初号機打ち上げの難しさについて聞かれた際の回答が冒頭のコメントだ。的川氏は、「1980年代までは、初めての部品やコンポーネントを使っているので、初号機が怖かった。現在は初号機だから大変ということはあまりない。(H3初号機が、人工衛星の)「だいち3号」を積載したと聞いても、『いきなり載せた』という印象はなかった」と話した。

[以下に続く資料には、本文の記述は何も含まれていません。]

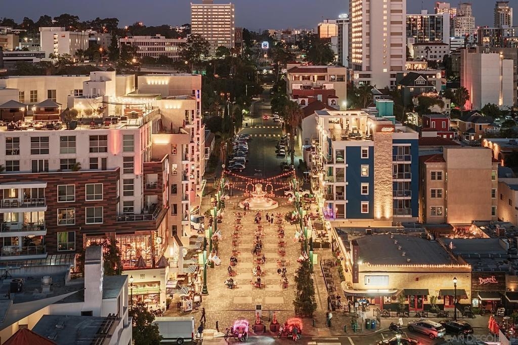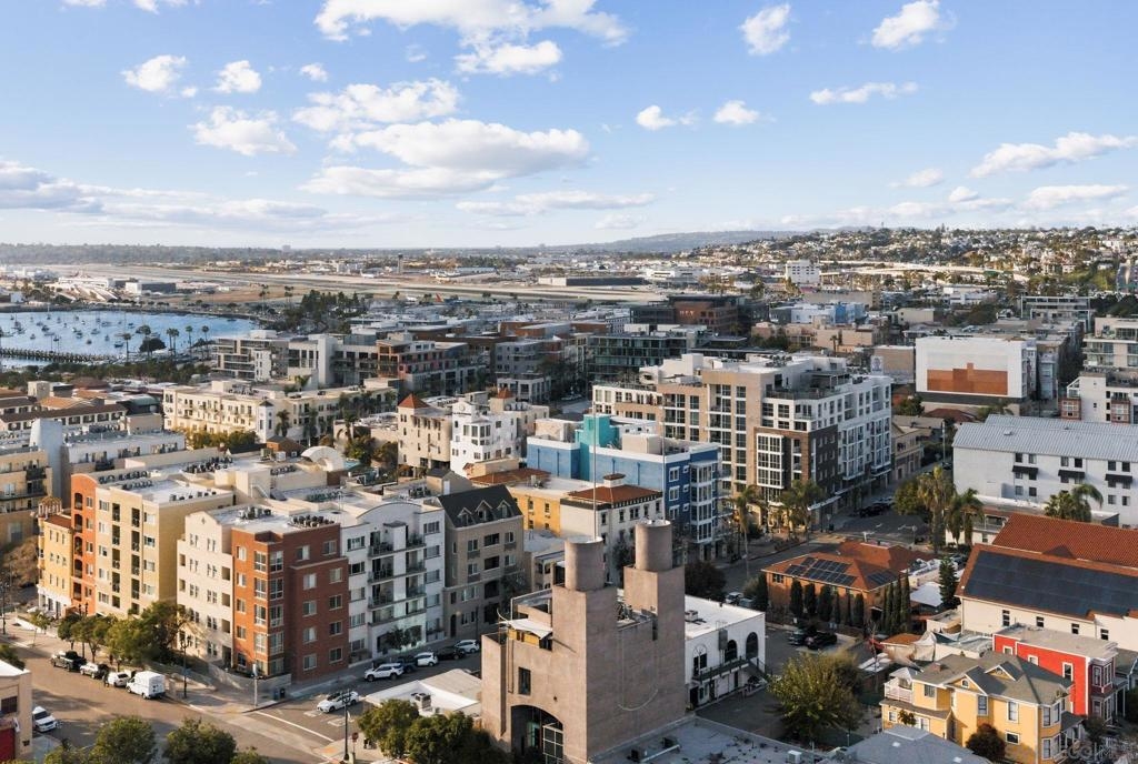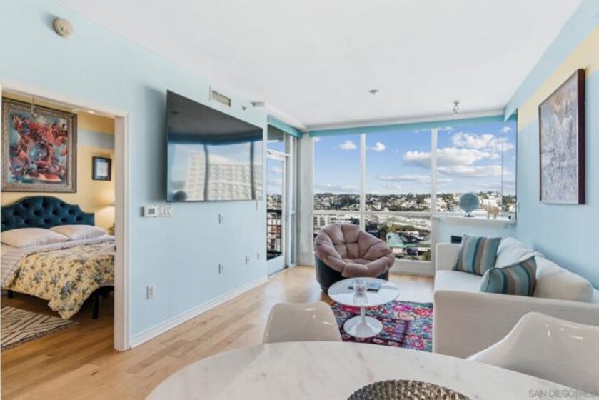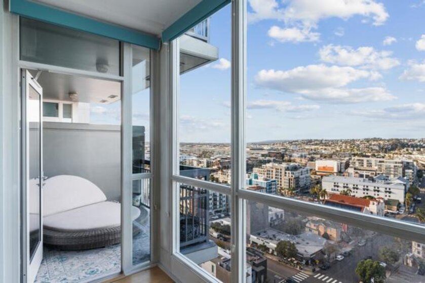 Exceptional one bedroom residence atop of La Vita, in the heart of Little Italy! Expansive floor-to-ceiling windows frame breathtaking panoramic views from the 17th floor, showcasing the bay and waterfront, Little Italy, Balboa Park, and distant mountain vistas. The desirable north-facing orientation fills the residence with natural light while capturing the dynamic cityscape below. Recently remodeled, the home features natural maple engineered hardwood flooring throughout, a stunning backlit translucent quartzite waterfall countertop and an oversized pantry offering exceptional storage. A cozy fireplace anchors the light-filled, glass-enclosed living space, extending to a generous patio perfect for indoor–outdoor enjoyment. Residents of La Vita enjoy resort-style amenities including a heated pool and spa, fitness center, and community room. The award-winning courtyard — affectionately referred to by residents as “Heaven on Earth” — creates a serene oasis in the middle of the city. Courtyard amenities include three separate private barbecue areas, cleaned daily by La Vita staff, offering an impeccably maintained outdoor experience. Perfectly situated in the heart of Little Italy, La Vita offers one of the neighborhood’s most coveted locations — placing you just steps from San Diego’s best dining, cafés, and vibrant street life. Directly across the street sits local favorite Pappalecco, beloved for its authentic Italian espresso, gelato, and lively European atmosphere. La Vita's prime setting delivers the quintessential Little Italy lifestyle right outside your door.

この他、H3ロケット初号機の打ち上げ失敗について、「第2段(エンジンの「LE-5B-3」)が着火しなかったとしか知らないが」と断った上で、2023年3月6日にH3初号機の打ち上げを延期した原因に言及*1。「(H3ロケットの)第2段は多少回路が変わっているくらいで、ほとんど(前モデルの)H-IIAと同じ部品が使われている」点に触れ、「(H3の)第2段に着火させる際、制御系から出した『着火しろ』という命令を受け取った側がある。この受け取った側に新しい回路があったのか、第1段と第2段で共通した設計のやり方があったのか。私が記者なら質問したかった」と語った*2。
「H3がH-IIAよりコストダウンを図った改変の影響は考えられないか」という質問には、「あまりないだろう。自動車部品などが使われていると聞いているが、(使用する部品の動作や性能について)チェックはするので、そういう点は問題なかったのに発生した事故と認識している」との見方を示した。
H3打ち上げ失敗の背景については、「JAXAが自転車操業になっているのではないか。十分に人員を割けないという状況があるとしたら、それは大変困った状況だ」との不安を述べた。
H3打ち上げ失敗の今後への影響について質問され、「個人的には、H-IIAの打ち上げ計画に影響しないか」と憂慮していることを明かした。JAXAは現在、火星衛星探査計画を進めているが、H3の打ち上げ失敗の影響で火星衛星探査機をH-IIAで打ち上げられないとなると、「火星への打ち上げは2年に1度しかチャンスがない。2年待つことになれば、せっかくのチャンスを逃しかねない」(的川氏)。